Una cosa è sicura : ci sono guardie ovunque, più di un centinaio di camionette circondano la piazza e non soltanto quelle antisommossa. Inoltre, una quantità sproporzionata di guardie in borghese é tra la folla…la pesantezza dello stato d’urgenza si fa ben sentire…
Regna un certo sentimento di incertezza, ciascuno sapendo la ragioni per le quali è venuto ma senza alcuna idea della forma che prenderà la giornata. L’installazione delle cucine che distribuiscono mega pranzi a sottoscrizione libera permettono di rilassare provvisoriamente l’atmosfera. Ci si siede per terra, si ci riposa e si recuperano le forze.

Nel frattempo, malgrado l’interdizione di manifestare e la militarizzazione imponente, la folla continua ad aggrandirsi. Numerosi partecipanti dell’effimera catena umana sono tornati, un po’ frustrati. Qualche piccolo corteo si forma, cominciando ad incoraggiare le persone a manifestare.
Un po’ più tardi, verso le 14, un numero importante di persone si dirige verso boulevard Magenta e la folla, che si sta annoiando nella piazza, si mette progressivamente in marcia, integrando il corteo in via di costruzione.
La piazza è di già bloccata da tutte le parti, incominciamo così a marciare sul suo perimetro lasciato aperto al traffico delle macchine. Uno strano corteo si mette in movimento e gira attorno alla piazza, manifestando invano senza trovare un’uscita.

Dalle 14 ci ritroviamo accerchiati dagli sbirri. È impossibile lasciare la piazza dalle strade adiacenti, anche le uscite della metro sono state chiuse sotto richiesta del prefetto. Tutti quelli e quelle che hanno osato sfidare lo stato d’urgenza sono così rinchiusi in una gabbia all’aperto.
Iniziamo a scandire slogans contro la COP21 ed il suo mondo soffocante, contro lo stato d’emergenza che si abbatte su di noi, contro la polizia che ha assassinato Rémi Fraisse, che perpetua crimini razzisti. “Polizia ovunque, giustizia da nessuna parte !”, “Lo stato d’emergenza, lo stato di polizia, non ci impediranno di manifestare !” o ancora il sobrio “Libertà, libertà !” sono stati urlati a gran voce.
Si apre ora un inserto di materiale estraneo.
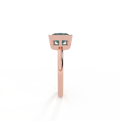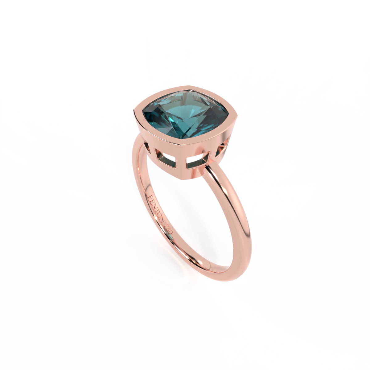 Bezel Cushion Teal Sapphire 18K Rose Gold Ring

Così, dopo aver affrontato lo sbarramento della polizia situata all’entrata del boulevard Saint-Martin, della via du Temple ed anche del boulevard Voltaire, ci precipitiamo verso l’unica apertura della piazza, l’avenue de la République. La linea della polizia è presente anche lì. In un primo momento i manifestanti tentano di passare pacificamente, ma dopo pochi secondi sono arrivati i gas urticanti a soffocarci.

Dopo una decina di minuti di « scontri », durante i quali alcuni hanno tentato di superare la linea delle forze dell’ordine, le guardie hanno incominciato a spingere più forte ed a spruzzare ancora gas urticante contro chi era in prima linea. Finiamo così per riempire di nuovo la piazza e girare a vuoto.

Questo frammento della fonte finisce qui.